# WORK TO BE COMPLETED
Your answer must be a word-for-word copy of the listing, with all pictures excluded.

# DATA
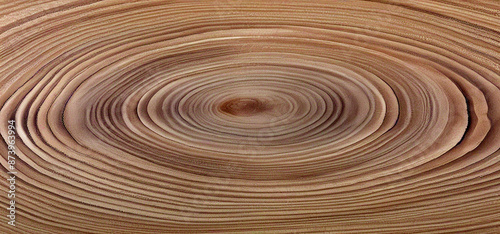 A close-up view of a tree trunk cross-section, revealing detailed growth rings that radiate outward from the center.
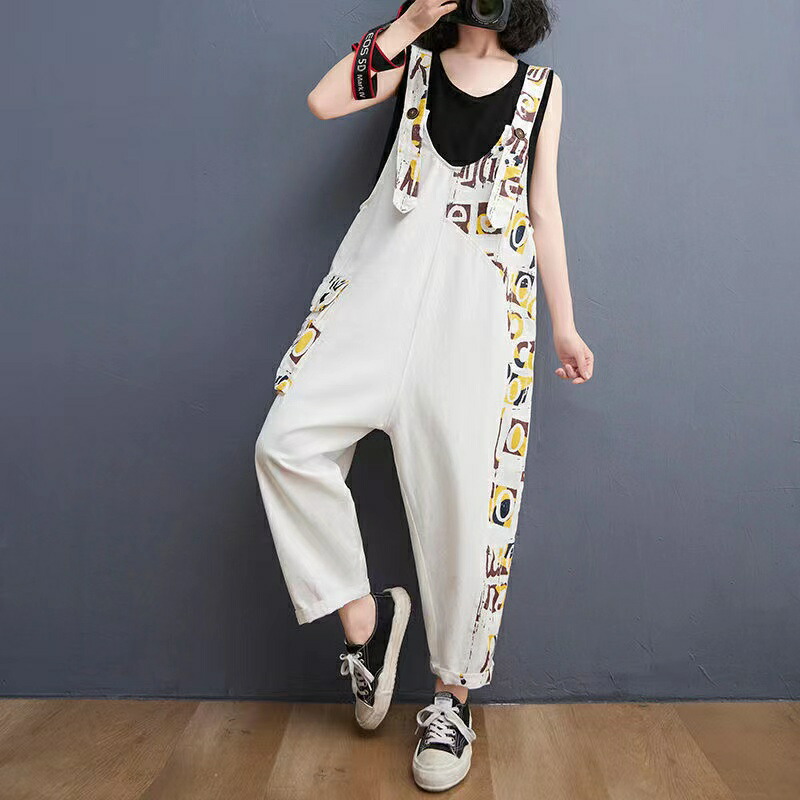 オーバーオール レディース ゆったり ボトムス パンツ 超目玉商品 ホワイト ブラック M L XL 2XL
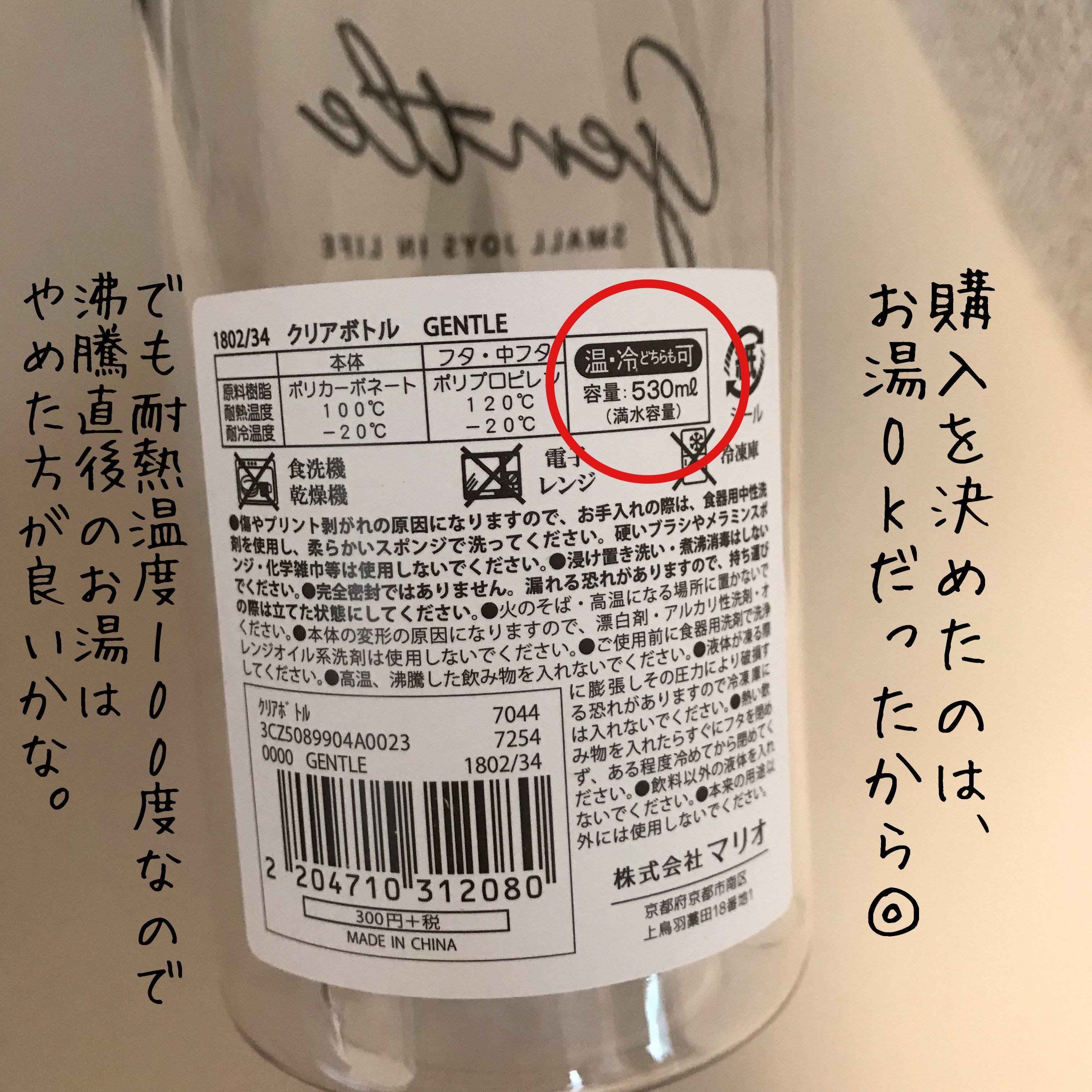 耐熱温度が60度までの100均のマイボトルが多いなか、スリコのマイボトルはなんと100度。温かい飲み物がOKなんです!これなら一年中使えるのでものが増えなくてよいですよね。私が100均ではなくスリコで購入した理由がこれでした。

# ANSWER FOR THE TASK
 A close-up view of a tree trunk cross-section, revealing detailed growth rings that radiate outward from the center.
 オーバーオール レディース ゆったり ボトムス パンツ 超目玉商品 ホワイト ブラック M L XL 2XL
 耐熱温度が60度までの100均のマイボトルが多いなか、スリコのマイボトルはなんと100度。温かい飲み物がOKなんです!これなら一年中使えるのでものが増えなくてよいですよね。私が100均ではなくスリコで購入した理由がこれでした。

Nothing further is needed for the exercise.